Java-Fibonacci序列快速算法
我需要一个关于在Java中为我的独立项目查找斐波那契序列的任务。以下是查找的方法Java-Fibonacci序列快速算法,java,fibonacci,Java,Fibonacci,我需要一个关于在Java中为我的独立项目查找斐波那契序列的任务。以下是查找的方法 private static long getFibonacci(int n) { switch (n) { case 0: return 0; case 1: return 1; default: return (getFibonacci(n-1)+getFibonacci(n-2));
private static long getFibonacci(int n) {
switch (n) {
case 0:
return 0;
case 1:
return 1;
default:
return (getFibonacci(n-1)+getFibonacci(n-2));
}
}
private static long getFibonacciSum(int n) {
long result = 0;
while(n >= 0) {
result += getFibonacci(n);
n--;
}
return result;
}
private static boolean isInFibonacci(long n) {
long a = 0, b = 1, c = 0;
while (c < n) {
c = a + b;
a = b;
b = c;
}
return c == n;
}
代码已完全完成并正在运行。但是,如果n或n2将超过正常值(纤维序列中的第50个数字)?代码将被删除。有什么建议吗?50或略低于50是直接递归实现的最佳选择。如果您想更进一步,可以切换到迭代或动态规划(DP)方法。
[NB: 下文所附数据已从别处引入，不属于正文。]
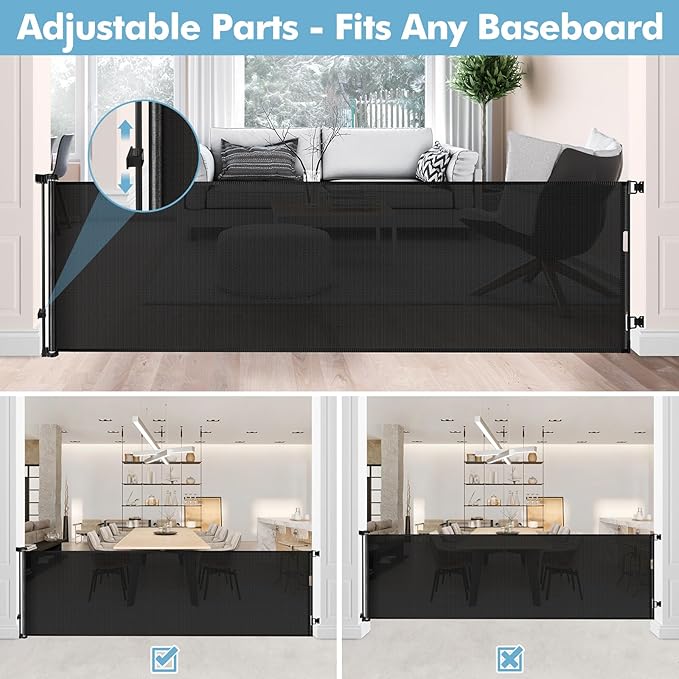 - Adjustable Parts - Fits Any Baseboard: The lower bracket of the retractable baby gate slides up and down to adjust to different heights of the baseboard. Makes mounting the large baby gate easier and safer.

我建议从以下内容中学习:。别忘了在大卫的评论中寻找解决方案,真正有效。这些链接显示了如何使用DP方法即时计算偶数
n=500000class fibonacci
{
static int fib(int n)
{
/* Declare an array to store Fibonacci numbers. */
int f[] = new int[n+1];
int i;
/* 0th and 1st number of the series are 0 and 1*/
f[0] = 0;
f[1] = 1;
for (i = 2; i <= n; i++)
{
/* Add the previous 2 numbers in the series
and store it */
f[i] = f[i-1] + f[i-2];
}
return f[n];
}
public static void main (String args[])
{
int n = 9;
System.out.println(fib(n));
}
}
类斐波那契
{
静态整数fib(整数n)
{
/*声明一个数组来存储斐波那契数*/
int f[]=新的int[n+1];
int i;
/*系列的第0和第1个编号分别为0和1*/
f[0]=0;
f[1]=1;
对于(i=2;i是的,您可以做的一个改进是getFibonacciSum()
:您可以做与isInFibonacci
完全相同的事情,而不是一次又一次地调用isInFibonacci
,重新计算所有内容,例如:
private static boolean getFibonacciSum(long n) {
long a = 0, b = 1, c = 0, sum = 0;
while (c < n) {
c = a + b;
a = b;
sum += b;
b = c;
}
sum += c;
return sum;
}
private静态布尔getFibonacciSum(长n){
长a=0,b=1,c=0,和=0;
while(c
有一种方法可以使用比奈公式来即时计算斐波那契数
算法:
一旦你这样做了,你需要知道你正在使用的编程语言以及它的行为。这可能会返回浮点十进制类型,而整数可能是需要的
该解的复杂性为O(1)
公共静态长getFib(最终int索引){
长期a=0,b=0,总计=0;
对于(inti=0;i好,这里是我的解决方案,使用一个映射和{{F(2k)=F(k)[2F(k+1)−F(k)]},{F(2k+1)=F(k+1)^2+F(k)^2}。(公式来源:)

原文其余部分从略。